Hardening & operational (surfaced during the 2.3.0 release)

The 2.3.0 wheel build — blocked for hours by a gitlab.com outage that cascaded through Eigen 5.0 and cross-arch libomp — exposed that build-time dependency clones are a release liability. Follow-ups:

  • Finish build network-independence. Eigen is now vendored (third_party/eigen), but Spectra, nlohmann/json, pybind11, and Catch2 still FetchContent-clone from github at build time. Vendor or checksum-pin the rest so a release can never be blocked by an upstream host outage.

  • conda-forge is stale (targets 2.2.x) — currently not a supported channel. The README and docs no longer advertise it.
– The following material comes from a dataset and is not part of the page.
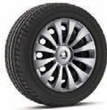
15" COSTA hub covers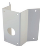
GBR-CM01 Corner Mount Adapter

Either revive the feedstock and bump it to the current PyPI release (2.5.0), or formally drop conda-forge; until then, PyPI is the only distribution.

  • Refreshed headline performance numbers (2026-07-01, bench/baselines/routing_performance.md). Re-benchmarked Release + OpenMP on real counties: distance matrix and route_fragility are ~5× faster on macOS post-2.3.0 (the April numbers were effectively serial), confirmed by a 1→10-thread scaling curve on the same machine. Single-threaded ops unchanged. The perf_baseline.json Google-Benchmark regression gate is refreshed separately via gravel_perf.
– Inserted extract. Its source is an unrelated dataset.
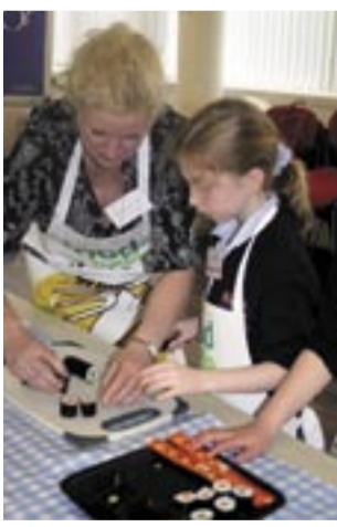
Children and teachers making sushi as part of Food for Life are afoot to fit solar panels to our roof; harnessing energy to support our hot water systems. We hope these plans will help both the environment, and Woodbrooke's finances.

groups use our site for their events. In late April a group of adults and children came to spend a day preparing and cooking food, which they then shared over lunch. Steve, our gardener, showed them the walled garden and the whole day was a real success. Alongside green groups coming to visit Woodbrooke, 2009 has also seen the first of the 'Good Lives' courses which have been so successful there are plans to re-run the first modules in 2010. Our own internal measures to be mindful of our impact on the environment have continued. At the beginning of the year, the penultimate phase of updating our antiquated heating system by installing new boilers was completed and now plans

  • ~~Extend deterministic mode to kirchhoff_index / natural_connectivity~~ — not needed. Audit found both are serial (no OpenMP) and seeded, hence already reproducible; there is no unpinned parallel reduction to fix. (If they are ever parallelized, they’ll need the H4 treatment then.)

Longer-horizon / research-track

  • Customizable Contraction Hierarchies (CCH). Metric-independent structure (nested-dissection order + triangulated shortcuts) built once, then fast weight customization — an edge removal becomes setting its weight to ∞ and re-customizing the affected triangles, exact and non-degrading. The principled route to editable/dynamic networks and cheap repeated re-routing, and the only clean way to relax the “static-topology CH” non-goal below. Preferred over hand-rolled incremental CH updates (intricate, quality-eroding); today BlockedCHQuery already covers fixed-topology edge blocking without a rebuild, so CCH is warranted only if a true editable-network use case emerges.
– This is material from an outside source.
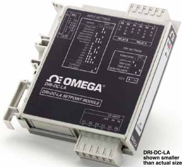
DRI-DC-LA shown smaller than actual size.

The DRI-DC-LA is a DIN rail mount, DC voltage or current input limit alarm with dual setpoints and two contact closure outputs. The field configurable input and alarm functions offer flexible setpoint capability. Input voltage spans from 10 mV to 200 V and input current spans from 1 mA to 100 mA can be field configured. Bipolar inputs are also accepted.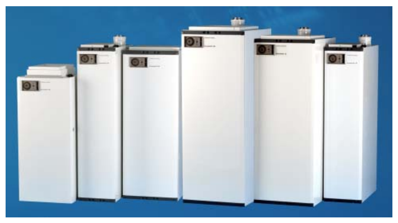
Complete Economaire range - from left to right:

IMPORTANT: IT IS A STATUTORY REQUIREMENT THAT ALL GAS APPLIANCES BE INSTALLED BY COMPETENT PERSONS, (i.e. CORGI REGISTERED INSTALLERS) IN ACCORDANCE WITH THE GAS SAFETY (INSTALLATION AND USE) REGULATIONS (CURRENT EDITION). FAILURE TO COMPLY WITH THESE REGULATIONS MAY RESULT IN PROSECUTION.

  • Temporal fragility (degradation over construction schedules)

  • International road-network support (non-TIGER boundaries)

  • ML-assisted edge-importance ranking

Non-Goals

  • Gravel is not a turn-by-turn navigation library. Use OSRM or GraphHopper for that.

  • Gravel is not a transit planner. Use OpenTripPlanner for GTFS/multi-modal.

  • Gravel’s CH is static topology. All CH operations assume a fixed edge set; the hierarchy is built once and is not incrementally mutated. (Fragility analysis still removes edges — by recomputation on the degraded graph, not by editing the CH.)

  • Gravel is not a traffic-assignment / user-equilibrium engine. Full flow modeling (BPR cost functions plus an origin-destination demand matrix solved to equilibrium) is out of scope: it requires data Gravel cannot calibrate and would trade a defensible topological covariate for a parameter-laden one. The complex-networks cascade model in Phase 2A is the supported alternative.

  • Gravel does not yet model interdependent multi-layer infrastructure as a first-class graph. When needed, coupled failures are expressed as an externally-built edge set fed to scenario_fragility; a true multi-layer core is reserved for a research need that demands interdependency covariates.